In the records that follow, the lines from the one containing "Locus includes the" to the one containing "在杭州仁本快手直播間里,我們每天精選高薪優(yōu)質好工作,給大家詳細推薦!", inclusive, are to be given again exactly.
Segment Start: PROVIDED DATA
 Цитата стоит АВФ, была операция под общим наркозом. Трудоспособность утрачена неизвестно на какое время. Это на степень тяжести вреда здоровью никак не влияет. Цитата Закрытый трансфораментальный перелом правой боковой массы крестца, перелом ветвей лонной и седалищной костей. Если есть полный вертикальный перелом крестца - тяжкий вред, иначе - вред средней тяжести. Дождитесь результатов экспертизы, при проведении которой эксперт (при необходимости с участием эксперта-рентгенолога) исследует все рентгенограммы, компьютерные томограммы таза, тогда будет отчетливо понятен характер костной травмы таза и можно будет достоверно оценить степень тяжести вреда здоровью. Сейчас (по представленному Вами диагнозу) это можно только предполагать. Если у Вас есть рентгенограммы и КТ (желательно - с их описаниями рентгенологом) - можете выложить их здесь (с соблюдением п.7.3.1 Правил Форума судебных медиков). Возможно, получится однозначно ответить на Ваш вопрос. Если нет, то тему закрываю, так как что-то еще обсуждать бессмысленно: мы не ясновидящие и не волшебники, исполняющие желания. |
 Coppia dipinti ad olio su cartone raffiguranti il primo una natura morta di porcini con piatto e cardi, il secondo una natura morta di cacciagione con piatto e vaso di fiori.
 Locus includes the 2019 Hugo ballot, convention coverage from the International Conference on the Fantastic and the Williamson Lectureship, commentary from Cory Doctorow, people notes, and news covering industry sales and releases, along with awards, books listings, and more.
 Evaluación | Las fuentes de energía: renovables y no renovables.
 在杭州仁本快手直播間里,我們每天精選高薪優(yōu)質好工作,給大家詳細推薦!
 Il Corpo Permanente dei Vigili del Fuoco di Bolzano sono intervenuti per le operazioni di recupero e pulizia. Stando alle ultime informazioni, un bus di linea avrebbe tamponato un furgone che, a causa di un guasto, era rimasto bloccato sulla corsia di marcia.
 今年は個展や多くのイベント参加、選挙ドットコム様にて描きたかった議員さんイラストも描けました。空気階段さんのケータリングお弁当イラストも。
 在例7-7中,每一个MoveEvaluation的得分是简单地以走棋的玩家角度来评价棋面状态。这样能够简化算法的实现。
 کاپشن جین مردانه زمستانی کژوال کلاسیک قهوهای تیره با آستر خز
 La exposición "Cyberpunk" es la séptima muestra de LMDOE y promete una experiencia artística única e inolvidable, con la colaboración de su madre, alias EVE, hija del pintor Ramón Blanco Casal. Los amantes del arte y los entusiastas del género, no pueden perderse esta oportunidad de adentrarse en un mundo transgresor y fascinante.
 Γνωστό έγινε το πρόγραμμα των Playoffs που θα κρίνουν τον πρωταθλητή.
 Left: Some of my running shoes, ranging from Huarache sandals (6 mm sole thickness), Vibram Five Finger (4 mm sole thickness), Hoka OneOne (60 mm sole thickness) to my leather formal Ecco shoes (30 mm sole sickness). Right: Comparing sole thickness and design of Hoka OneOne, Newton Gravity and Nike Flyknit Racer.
Segment End: PROVIDED DATA
▶ [YOUR SOLUTION]
 Locus includes the 2019 Hugo ballot, convention coverage from the International Conference on the Fantastic and the Williamson Lectureship, commentary from Cory Doctorow, people notes, and news covering industry sales and releases, along with awards, books listings, and more.
 Evaluación | Las fuentes de energía: renovables y no renovables.
 在杭州仁本快手直播間里,我們每天精選高薪優(yōu)質好工作,給大家詳細推薦!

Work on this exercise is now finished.